The Democrat said she believes people in general and Nevadans specifically are about done with the polarization and refusal to work toward solutions in Washington, D.C.

"People are ticked off," she said. "People are angry at the lack of vision."

She said they want help with the issues important to them.

"This election is about the people of Nevada" she said. "It's about jobs, about education, about Social Security and Medicare."

Marshall said Congress can't find solutions when the two sides start every discussion from polar

opposites.

"You can't start at the far end," she said. "You have to start incrementally from the middle. What are the small steps you can take to start?"

She said that means getting people to sit down together and stop what she called "relentless brinkmanship."

Marshall draws that experience from her private equity bill that allows the state to provide businesses loans from the Permanent School Fund to come to Nevada, expand existing Nevada companies and add jobs.

Marshall said that the Reno-Sparks Chamber of Commerce and the teachers union - not normally seen in agreement - both backed the plan because she worked out the details with them.

"You bring these groups that are normally at odds together by crafting solutions," she said.

Marshall objected to the Republican push for cuts to Social Security and Medicare. She said even the Wall Street Journal blasted Wisconsin congressman Paul Ryan's plan saying it would "gut" Medicare.

Marshall said while she supports keeping the Bush tax cuts, for most, she would eliminate them for the truly wealthy.
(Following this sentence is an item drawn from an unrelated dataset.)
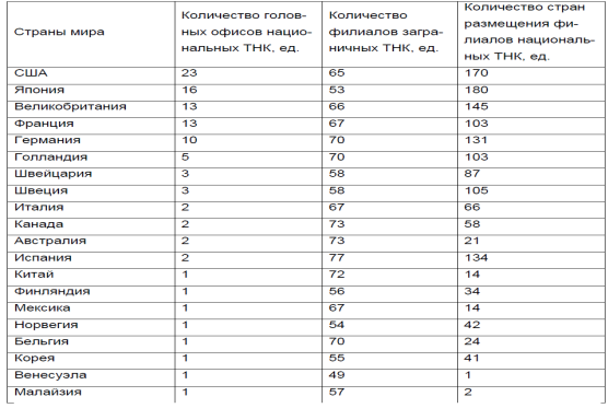 По данным ЮНКТАД на начало 2009 г. в мире насчитывалось около 82 тысяч нефинансовых ТНК с 805-ью тыс. зарубежных филиалов (табл. 1).
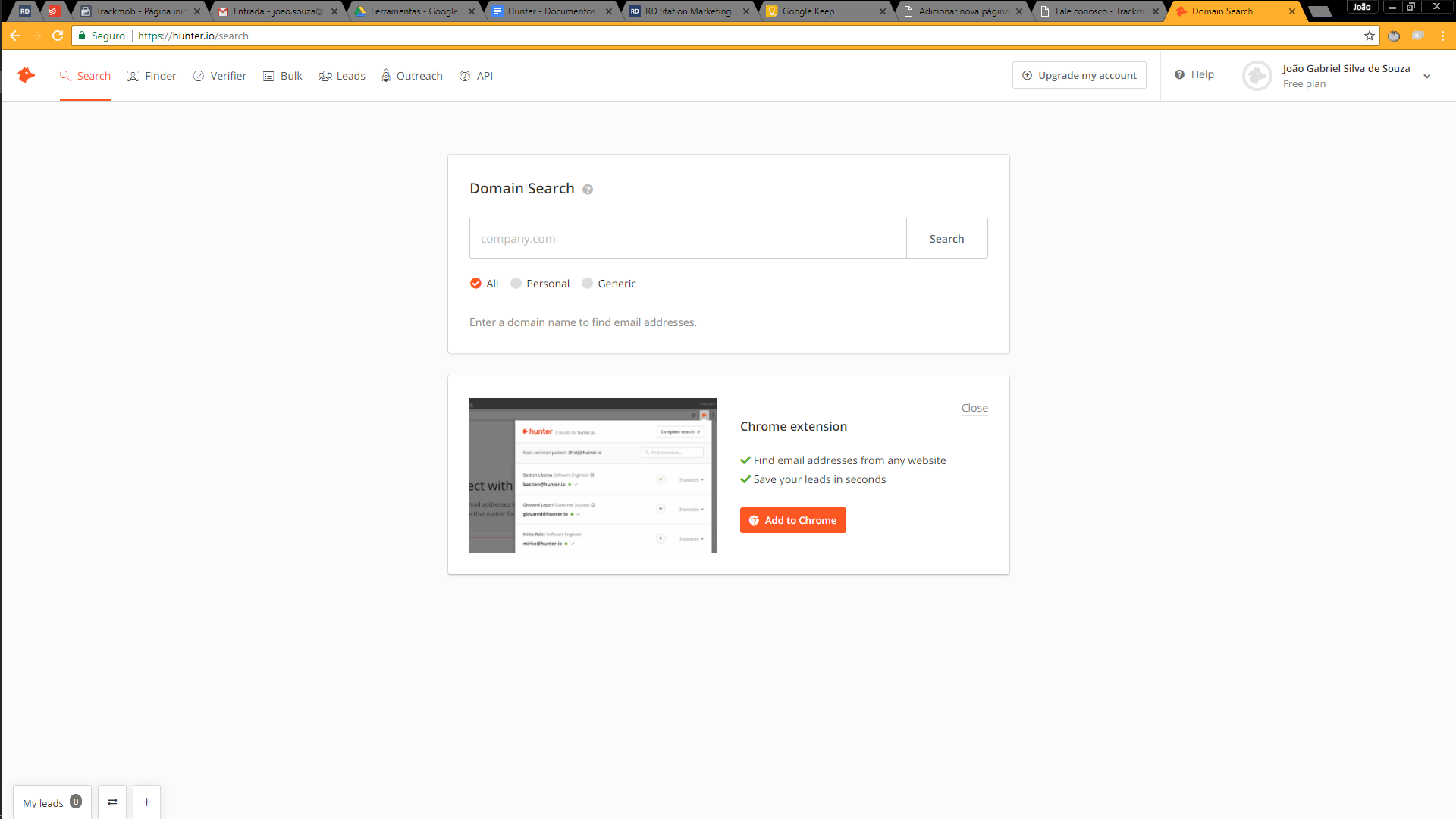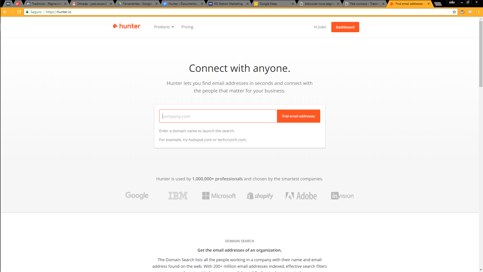 Achou um prospect sensacional, mas não consegue encontrar o e-mail de ninguém de lá, nem mesmo pelo Registro.br? A gente também tem uma alternativa para isso! Com o Hunter.io você consegue encontrar e-mails de pessoas ligadas a uma organização através do domínio.

She said part of the cost issue could be fixed by allowing Medicare to negotiate with drug companies and providers like private healthcare does.

She called for an end to loopholes she said allow corporations to send jobs and hide assets overseas to avoid taxes.

Marshall called for an end to "tax credits to companies that don't need them," saying corporations including Exxon-Mobil are making billions and paying almost nothing.

Instead, she said, both parties in Congress appear ready to let a payroll tax cut expire, which she said would take a bite out of every American worker's take home paycheck.

"You're going to let companies keep subsidies and make sure every American who works for a living pays more taxes?"

She said if corporations want tax breaks, tie them to job creation.

Marshall said Medicare isn't doing what it promises, especially in rural Nevada.

"People need to have access to medical care in rural areas and it needs to be affordable," she said. "They really have neither now."

Marshall, the current state treasurer, said government "needs to spend smarter and that's something I have a track record of doing in this office."

She was criticized for increasing her office budget but points out those critics ignored the fact that the $115,000 increase was to hire staff that let her eliminate $463,000 in outside fees.

National GOP television ads have also accused her of losing $50 million through reckless investments in Lehmann Bros. She said even on the Friday before Lehmann went into bankruptcy, she and her staff were questioning that investment.

"We were told your money is 100 percent good, absolutely safe," she said. "The world was defrauded by Lehmann."

In addition, she said the state hasn't lost that money yet, that its value is recovering slowly and the case still is in court.

She said despite the recession, earnings by her office have surpassed earnings in the market every quarter since she took office.